El escenario digital
Estos peajes que la obra pagó para fijarse al papel: abstracción, maleabilidad y pliegue, los vuelve a recuperar el texto en el escenario digital, añadiendo otros recursos y alguna problemática.
Como nuestra memoria, la información contenida en el medio digital no se encuentra confinada en un único almacén ni en un único lugar; el texto que podremos explorar nacerá de la unión sin solución de continuidad de fragmentos recogidos de distintas fuentes y proveedores a través de cualquiera de los nodos que tejen la red global. Y al igual que la narración en la tradición oral, la información podrá verse modificada según el contexto de lectura o consulta, según el filtro que la haya hecho aparecer... y será plegable: un mismo texto podrá irse desdoblando dejando ver u ocultando información complementaria, videos, gráficas, locuciones y música, definiciones, indexaciones, resúmenes y comentarios.
A estas características de la tradición oral, la cultura digital añade la de una densidad de información casi infinita y en constante crecimiento por el progreso tecnológico, progreso que obliga sin embargo a que esta información sea traspasada cada vez que las aplicaciones con las que fueron realizadas quedan obsoletas y que plantea uno de los mayores problemas en cuanto a su conservación (¿tienen algún archivo de Word Perfect, Qbasic o Page Maker que puedan aún abrir sin problemas?).

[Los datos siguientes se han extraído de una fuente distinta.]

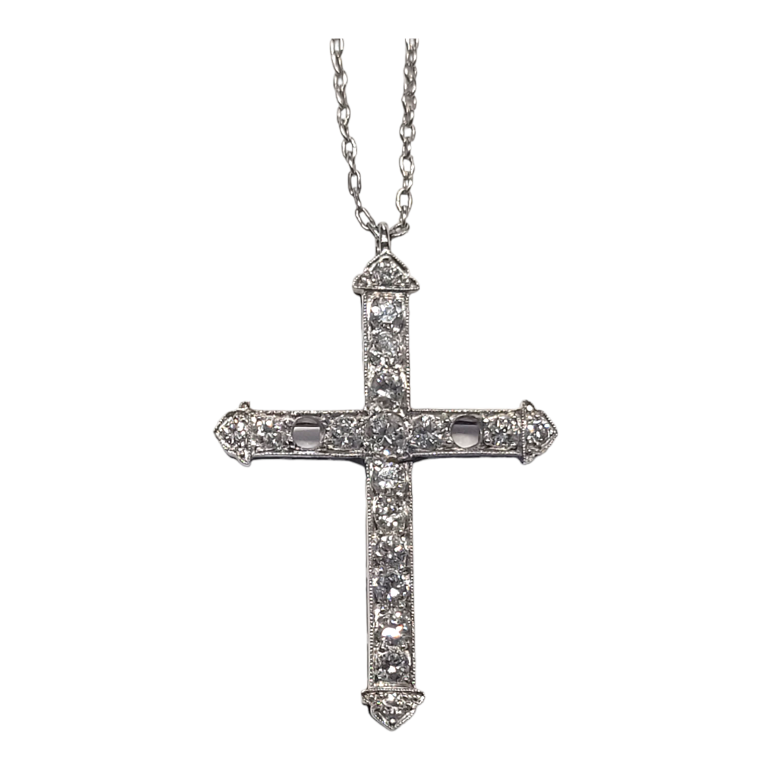 1ct of brilliant cut diamonds all milgrain set in platinum, 32mm x 22.5mm. On a platinum trace chain 15.5 inches long. English circa 1920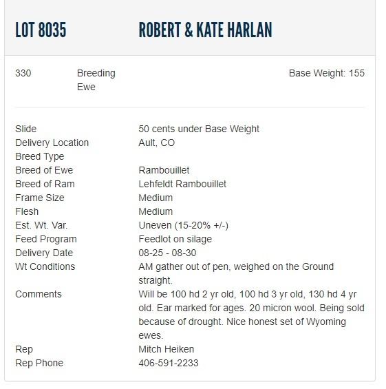 Comments Will be 100 hd 2 yr old, 123 hd 3 yr old, 83 hd 4 yr old. Ear marked for ages. 20 micron wool. Being sold because of drought. Nice honest set of Wyoming ewes.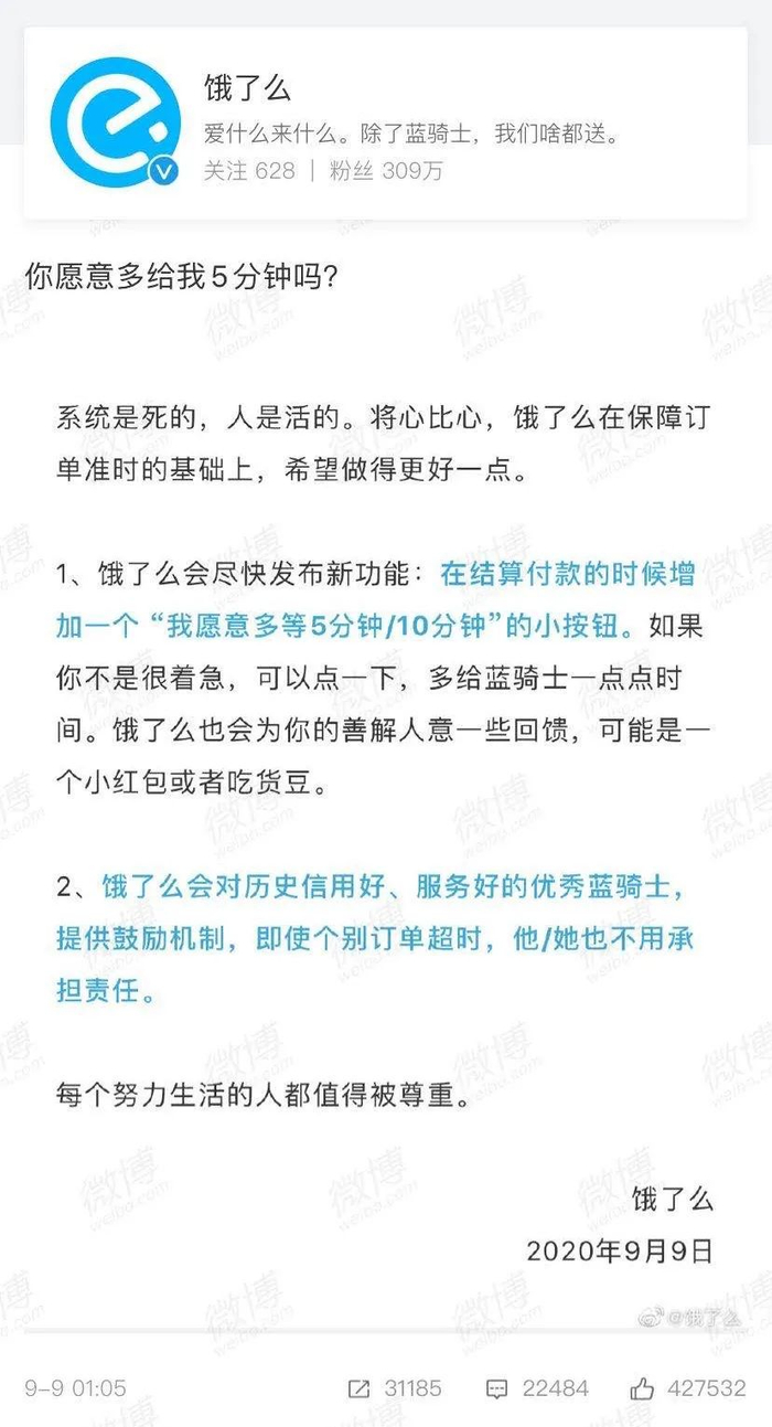 饿了么凌晨发公告,多等5分钟新功能引热议
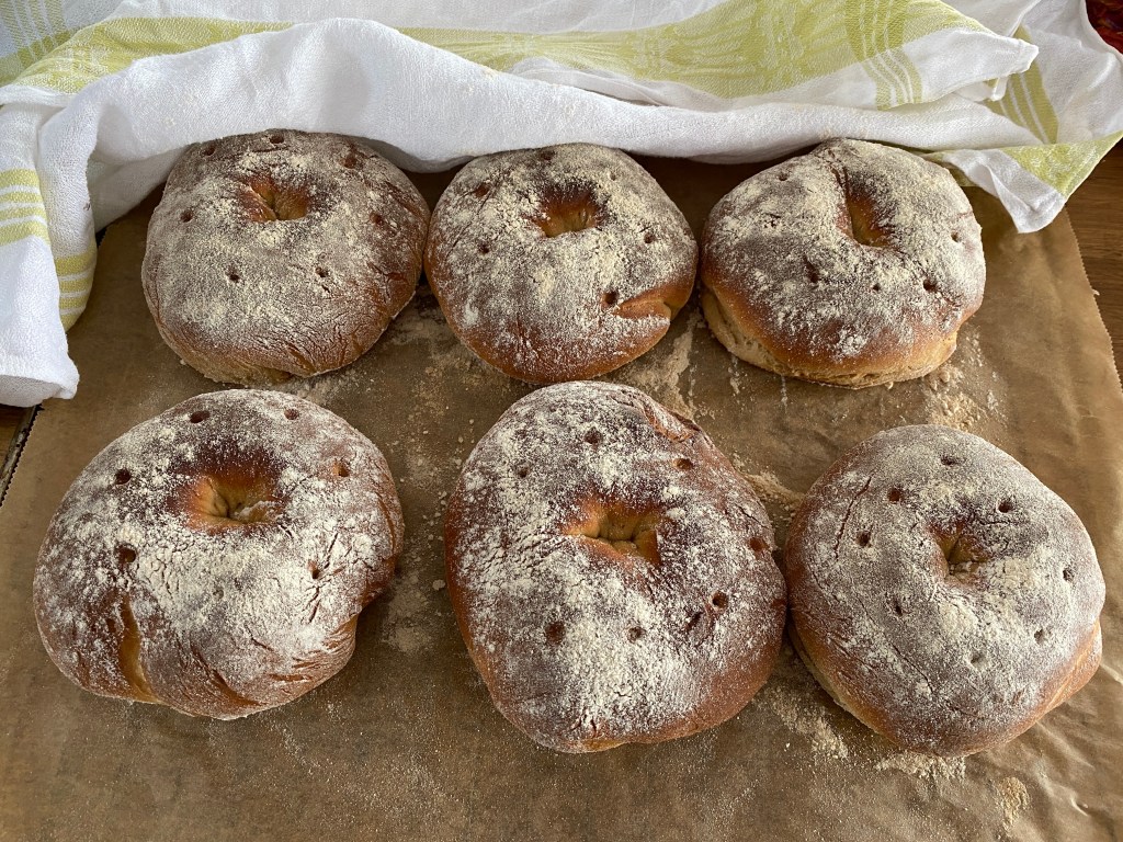 Kall morgon, ont om fåglar att räkna. Maten i deras mat-träd var djupfryst. Lägger ut lite nya frön på marken. Bestämmer mig för att baka bröd. Fastnar för ett recept på rågkusar. Smakade av nyss, goda trots att hålet i mitten krympte ihop till nada…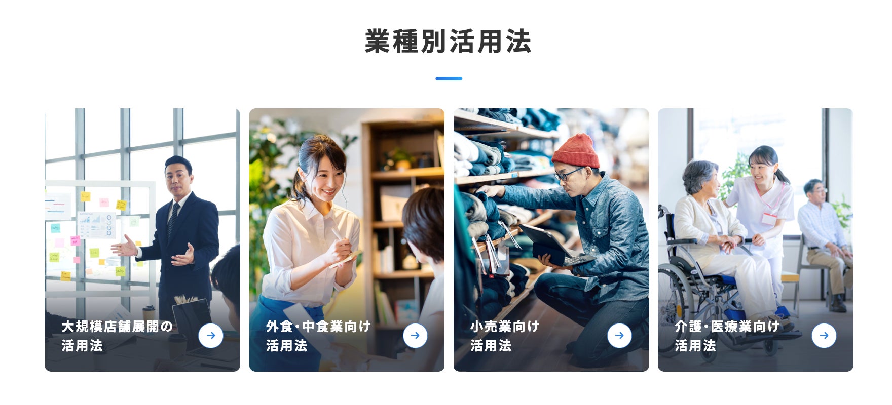 外食・中食、小売、介護・医療業といった業種ごとに専用ページを整理。また、「100店舗未満」「100店舗以上」など規模別にも導線を設け、大規模店舗展開の活用ページも新設。自社と近い環境での活用事例や機能活用方法をすぐに確認できるようになりました。

El último regalo de la cultura digital frente a la escrita es su capacidad de comunicación multilateral: el autor, los coautores, los lectores, todos los implicados en fin en ese texto digital se comunican, enriquecen, comentan y añaden, complementan y mejoran la información... también hay más ruido, pero no todo es perfecto.
Conclusión
Sí, no tengo dudas de que llegaremos a ver al libro de «El Quijote» como uno de los mejores exponentes de lo que significó el concepto de obra en la cultura impresa, ese paréntesis que alcanzó su madurez superponiéndose a la tradición oral y que cayó en desuso cuando el texto informativo y literario no pudieron ser ya sustentados por el espacio tan bello como limitado del papel.